Roy’s muscular body seemed to ooze with relief at the news; he sat back in his chair and adjusted his hat. “Thank goodness. Hershel was up late going over that to make sure we did everything right.”
“Well he nailed it. This might be one of the few times I haven’t found anything in need of correction,” Professor Cole said. “You already checked to make sure the name hasn’t existed previously?”
“Yes ma’am. No known record of a Hero called Ettin in any of the databases where you told us to look. So far as we know, it should be free and clear.” Roy was still relaxed, though he did grow a touch more tense at the question. Clearly he still thought some surprise hurdle might pop up to knock them off-course.
“I’ll do some digging as well, just to be certain, but I think you’re going to be fine with this.” Professor Cole glanced down at the document, specifically at the name written in the largest blank. Generally, she tried not to question the choices of her students when picking names and personas.
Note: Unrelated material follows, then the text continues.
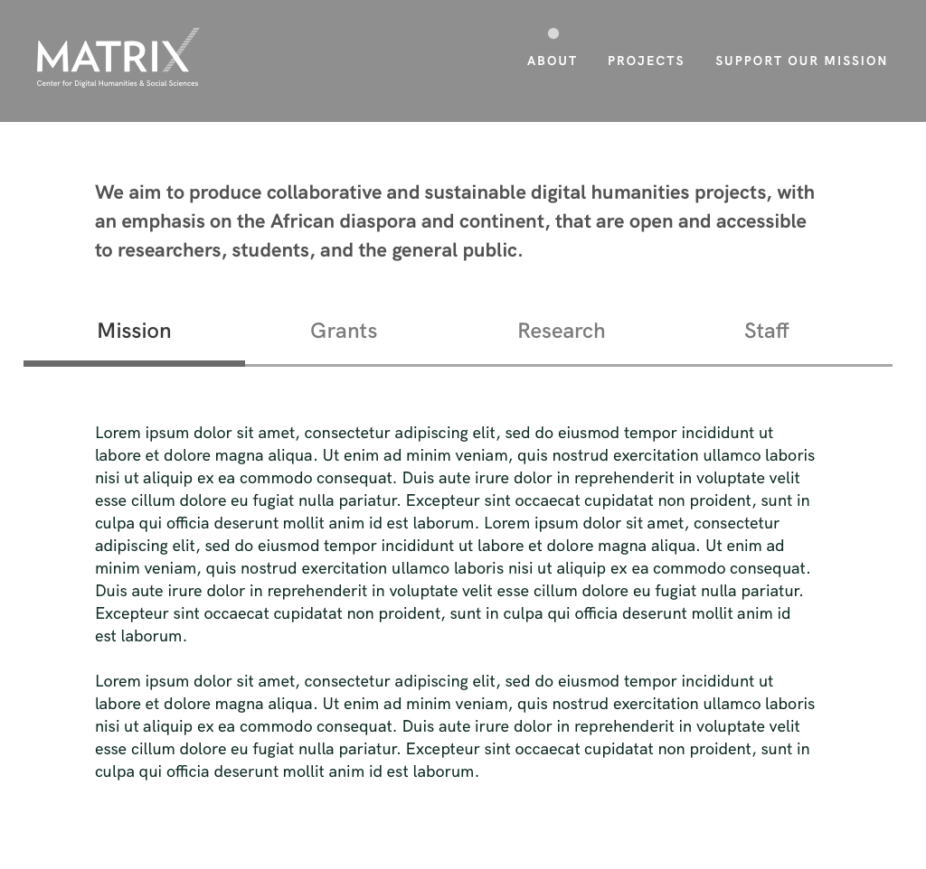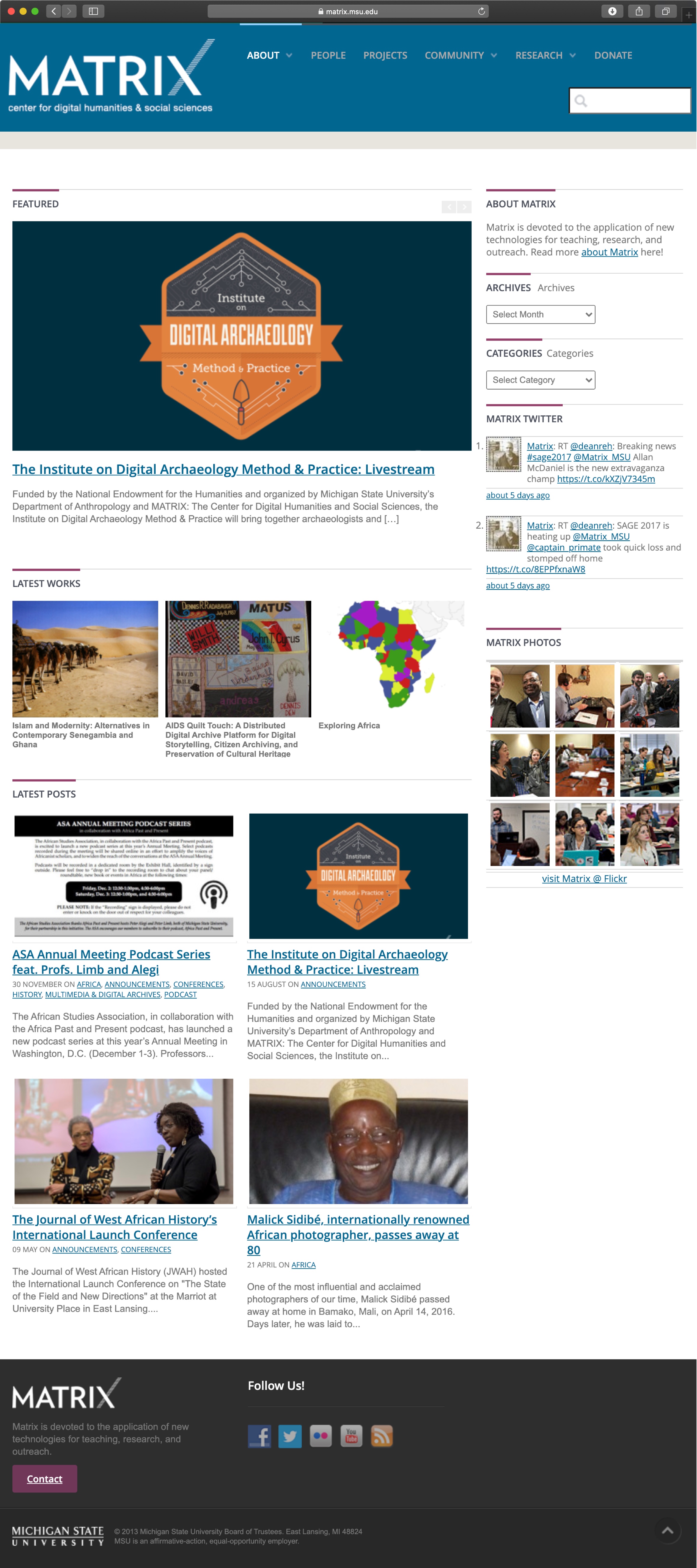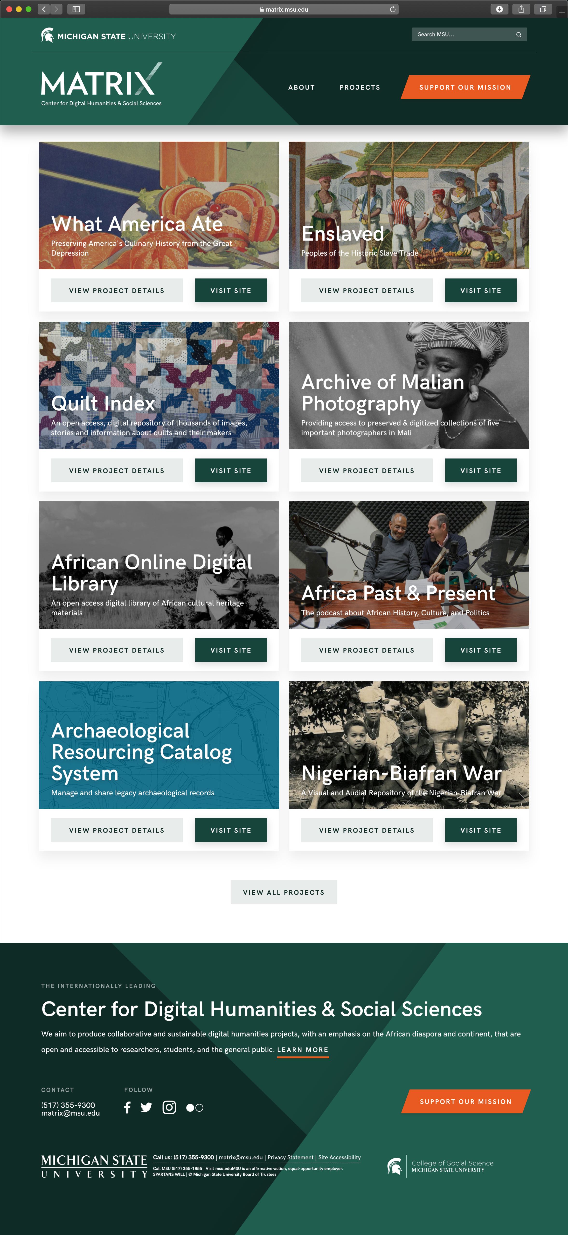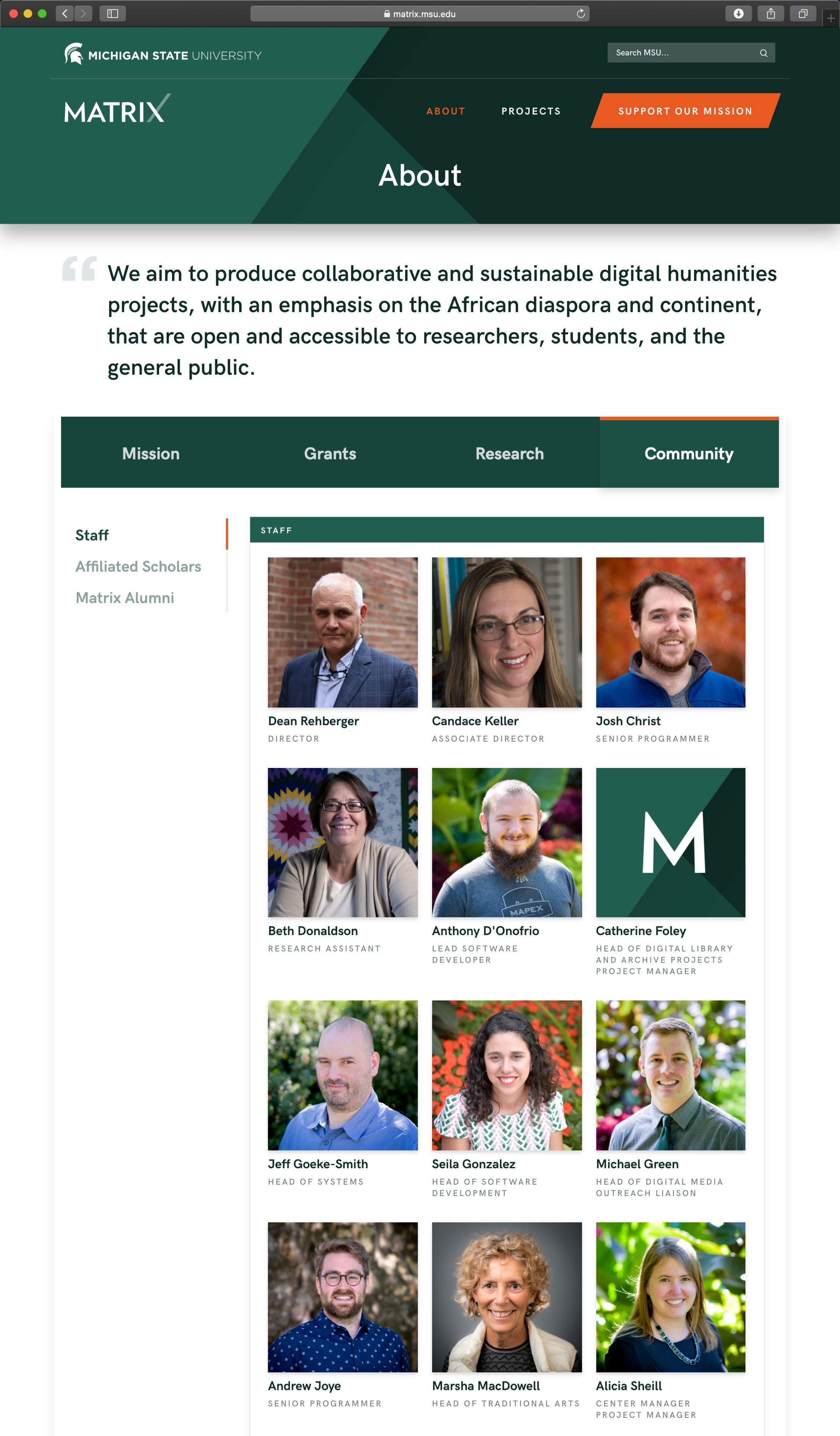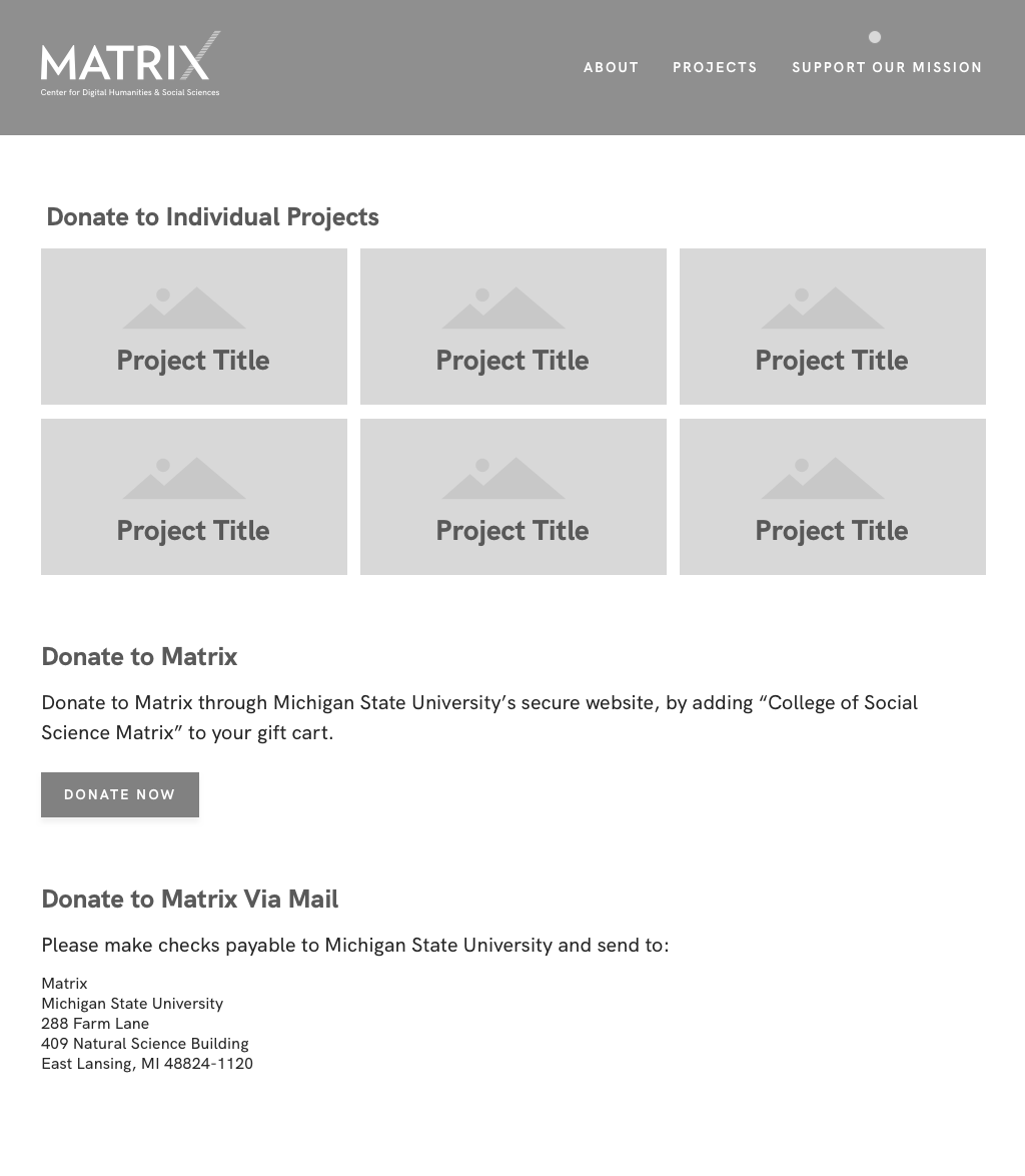 After a thorough review of user analytics on how users were using matrix.msu.edu, we dicovered that many features were going untouched. So we removed several pages, including the site's blog/news setup and it's search functionality, and simplified the site heirarchy into four main views; Home, About, Projects, and Support.
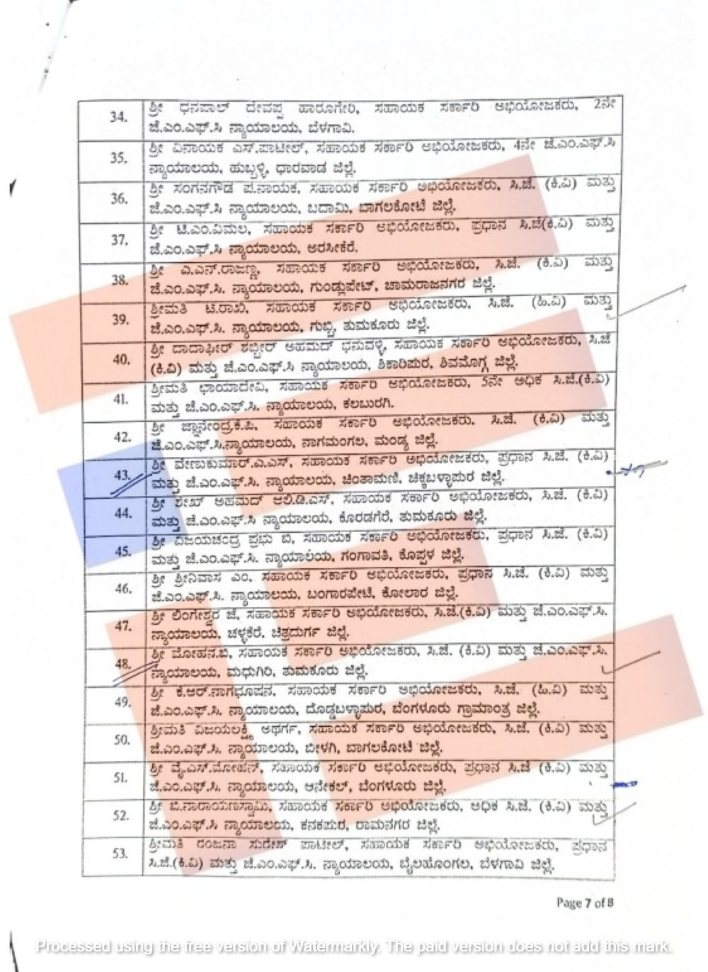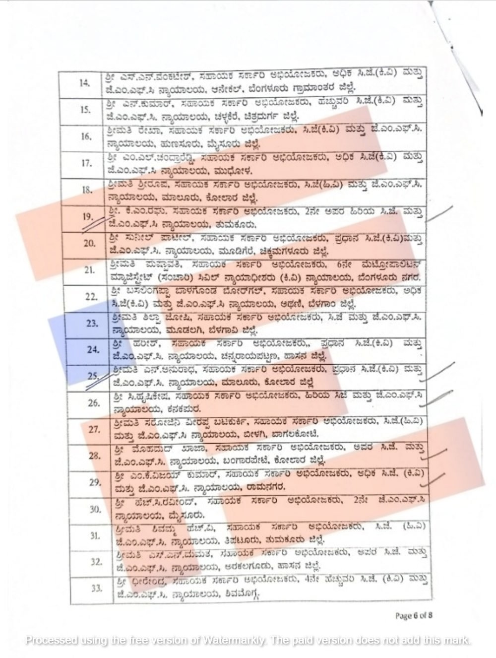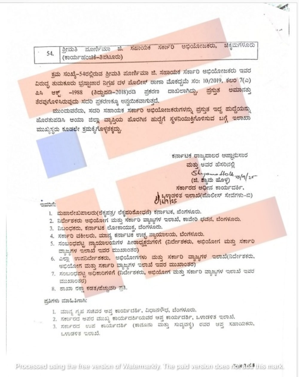 ಅಮಾನತಿಲ್ಲಿರುವ ಸಹಾಯಕ ಸರ್ಕಾರಿ ಅಭಿಯೋಜಕರುಗಳನ್ನುಕರ್ನಾಟಕ ಲೋಕಾಯುಕ್ತ ಶಿಫಾರಸ್ಸಿನ ಅನ್ವಯ ಮತ್ತು ಕರ್ನಾಟಕ ನಾಗರಿಕ ಸೇವಾ ನಿಯಮಗಳೂ ನಿಯಮ 8 (viii) ಅನ್ವಯ 6 ಮಂದಿ ಸಹಾಯಕ ಸರ್ಕಾರಿ ಅಭಿಯೋಜಕರ ಸೇವೆಯಿಂದ ತೆಗೆದುಹಾಕಿ ವಜಾಗೊಳಿಸಿ ಆದೇಶಿಸಿತ್ತು.

A Heroes call sign was something personal and special, often coming from places they didn’t always want to delve into. In this case, however, curiosity got the better of her. “What does it mean, anyway? What’s an Ettin?”
No sooner had the words left her mouth than Roy turned sheepish. She was about to retract the question, but he began to speak before she could. “It’s a mythical monster. Hershel learned about it from those dice games he plays. Don’t worry, we checked and the creature predates those games so they should be public domain. Anyway, Ettins are two-headed giants. Really strong, really tough, and sometimes they’d use small trees like clubs. When thinking over Hero names, that was the one that seemed to fit us the best.”
A two-headed brute. Well, it was a little on the nose, but only because she knew about Hershel. To the criminals he’d face, assuming they had enough knowledge of monster lore to even place the name, it would seem like something Roy had picked up just because he was tough and used a bat. They would never guess the true implications of an Ettin’s two-headed nature, and they’d underestimate Roy because of that. Personally, Professor Cole was rather fond of such tactics when choosing names. After all, not many crooks had been fearful of a Hero called Seamstress, right up until she appeared and showed them the true meaning of her moniker. And it fit the brothers well, drawing on aspects of both their identities to create a Hero persona that represented each of them.
“I like it,” she told Roy. “It’s a strong name. I think one day it’s going to be whispered like a curse among criminals, and yelled like a prayer among the innocent. Assuming you keep your efforts up and make it to graduation, I mean. Don’t go slacking off near the end.”
“Slack off?” Roy asked. “I just failed to make the cut for Intramurals, ain’t no part of me thinking about slacking off right now. If anything Hershel and I are doubling down on our training. We’ve got one semester left to close the gap and reach the top of this class. No way we’re giving up on that until the last punch is thrown.”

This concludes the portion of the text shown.